Saturday, 28 May 2011

Turning weakness into strength

A while ago I watched 'The Long Walk to Finchley', a BBC dramatisation about the early political career of Margaret Thatcher. One thing I remember from it is a scene where Thatcher is despairing of ever finding a winnable seat. Her husband Dennis gives her the advice to turn her greatest weakness into her greatest strength. Her perceived weakness was the fact that she was a woman and in the dramatisation she then goes on to turn this into her biggest strength.

Now, this may have happened or it may not have, but it doesn't matter. The advice itself is sound and I think that's what the Liberal Democrats should be doing now. At the moment we're hesitant to mention our record in government on the doorstep because of the perception that it's our role in government which has made us unpopular. And, to be fair, this is probably true.

But it's only a weakness because we let it be a weakness. Instead of being apologetic about it and just talking about local issues, we should be crowing about it. Fine, the tuition fees decision was unpopular, but how about restoring the earnings link to pensions? How about scrapping ID cards and child detention? How about building a green economy? How about providing an extra £2.5billions of funding to help the poorest pupils in the country? How about taking millions of the poorest people in the country out of paying tax altogether?

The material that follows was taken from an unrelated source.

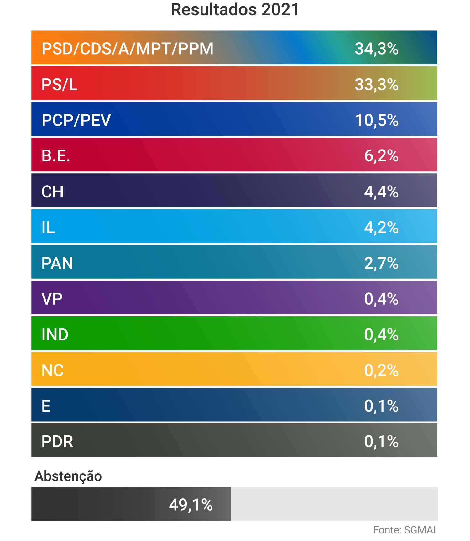 Por fim, são também apresentados os resultados das anteriores eleições autárquicas, realizadas em 26 de setembro de 2021.

There's a lot that we've achieved in government that should be popular. But no one knows about it because we're too hesitant to mention it on the doorstep or in leaflets out of fear that reminding people of the coalition will put them off.

Well, let's face it. People who are that upset about the coalition probably weren't going to vote for us in the first place. But there are plenty of people who'd probably consider voting for us if they knew about all the good things we were doing. We need to be bolder and prouder about our achievements. After all, if we don't talk about them, who else will?